The subsystem generates a zero actuation signal and does not transmit experiences when in the no-op state. The model starts in the no-op state and will advance to the reset state after one second.
The cart-pole state is set back to its initial configuration when in the reset state. Typically, the reset system involves logic and control to safely bring the system back to a valid operating condition for further experiments. This reset system is a critical part of the experiment process.
When the run state is activated, a MATLAB function called by the Get Policy Parameters subsystem reads the latest policy parameters from a parameter file in the Raspberry Pi file system. The policy block inside the Run subsystem is then updated with the new parameters for the next "episode".

The Process Data subsystem (under the Run subsystem, and shown in the following figure) computes the observation, reward, and isdone signals given the measurements from the Environment subsystem. For this example, the observation is identical to the measurements.

The Remote Agent subsystem (under the Run subsystem, and shown in the following figure) maps observations to actions using the updated policy parameters. Additionally, the Experience Writer subsystem collects experiences in a circular buffer and writes the buffer to experience files in the Raspberry Pi file system, with a frequency given by the envData.ExperiencesWriteFrequency parameter.
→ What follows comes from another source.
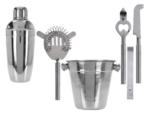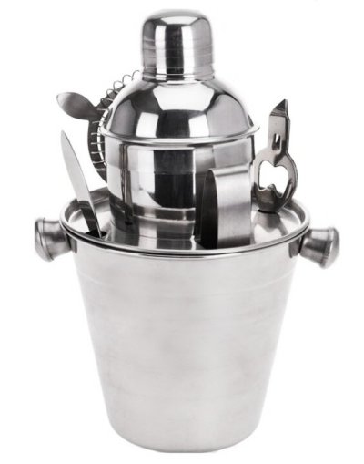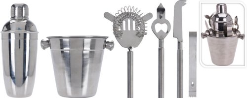- materiál: nerezová oceľ - sada obsahuje 7 ks: - vedro na ľad - veko na vedro / zakladač pre uloženie vo vedre - shaker s uzáverom - sitko - otvárač - nôž - kliešte na ľad alebo ovocie
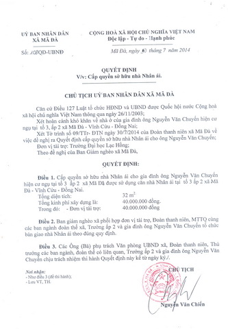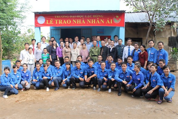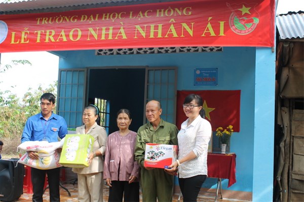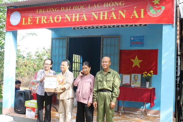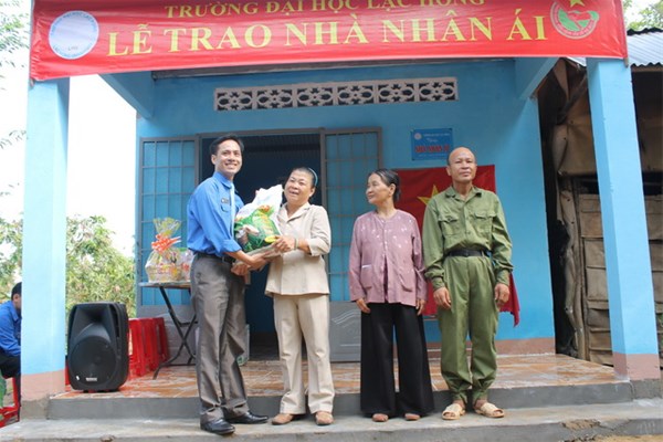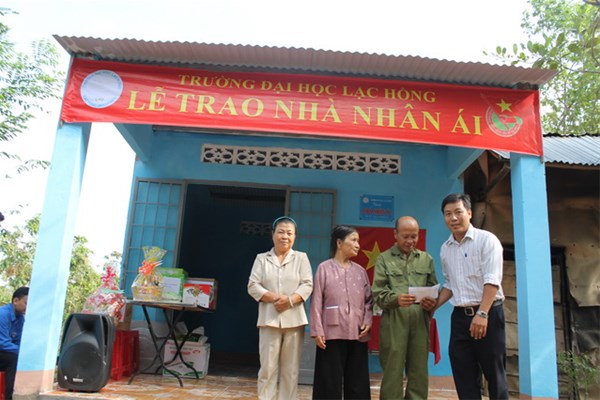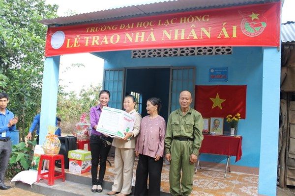 Sáng ngày 03/8/2014, căn nhà nhân ái được chính thức được trao tặng cho ông Chuyến. Tham gia buổi lễ trao tặng nhà, về phía Đảng ủy, Ban giám hiệu nhà trường có Đ/c Nguyễn Trùng Phương – Bí thư Đảng ủy nhà trường; NGND-TS Đỗ Hữu Tài – P. Bí thư Đảng ủy, Hiệu trưởng nhà trường; NGƯT-TS Nguyễn Thị Thu Lan – P. Hiệu trưởng nhà trường; Đ/c Lê Sơn Quang – Bí thư Đoàn trường; các thầy cô là trưởng, phó các phòng, khoa; các Đ/c Bí thư, phó Bí thư, Đảng viên chi bộ 3, chi bộ 4, chi bộ 7, chi bộ 9; lãnh đạo huyện ủy, UBND huyện Vĩnh Cửu; lãnh đạo Đảng ủy, UBND xã Mã Đà; cùng với 30 sinh viên tình nguyện hiện đang công tác Mùa hè xanh tại xã Mã Đà.

You can use the command generatePolicyBlock(agent) to generate a Simulink policy block. For more information, see generatePolicyBlock.

Use the helper function environmentParameters to define the parameters needed by the environment. This function is defined at the end of this example.

envData = environmentParameters(sampleTime);

Create a structure representing a circular buffer to store experiences. The buffer is saved to a file based on the writing frequency specified by envData.ExperiencesWriteFrequency.

tempExperienceBuffer.NextObservation = ...
    zeros(obsInfo.Dimension(1),envData.ExperiencesWriteFrequency);
tempExperienceBuffer.Observation = ...
    zeros(obsInfo.Dimension(1),envData.ExperiencesWriteFrequency);
tempExperienceBuffer.Action = ...
    zeros(actInfo.Dimension(1),envData.ExperiencesWriteFrequency);
tempExperienceBuffer.Reward = ...
    zeros(1,envData.ExperiencesWriteFrequency);
tempExperienceBuffer.IsDone = ...
    zeros(1,envData.ExperiencesWriteFrequency,"uint8");

You use this structure as a reference when the policy parameters are converted from bytes of data to a structure (deserialization).

agentData.TempExperienceBuffer = tempExperienceBuffer;

Create SAC Agent

Fix the random number stream with the seed 0 and random number algorithm Mersenne Twister to reproduce the same initial learnables used in the agent. For more information on controlling the seed used for random number generation, see rng.

previousRngState = rng(0,"twister");

The output previousRngState is a structure that contains information about the previous state of the stream. You restore the state at the end of the example.

Create an agent initialization object to initialize the actor and critic networks with the hidden layer size 128. For more information on agent initialization options, see rlAgentInitializationOptions.

initOptions = rlAgentInitializationOptions("NumHiddenUnit",128);

Create a SAC agent using the observation and action input specifications, and initialization options. For more information, see rlSACAgent.

agent = rlSACAgent(obsInfo,actInfo,initOptions);

Specify the agent options for training. For more information, see rlSACAgentOptions. For this training:

Specify the sample time, experience buffer length, and mini-batch size.
Specify the actor and critic learning rates to be 1e-3, and entropy weight learning rate to be 3e-4. A large learning rate causes drastic updates that can lead to divergent behaviors, while a low value can require many updates before reaching the optimal point.
Use a gradient threshold of 1 to clip the gradients. Clipping the gradients can improve training stability.
Specify the initial entropy component weight and the target entropy value.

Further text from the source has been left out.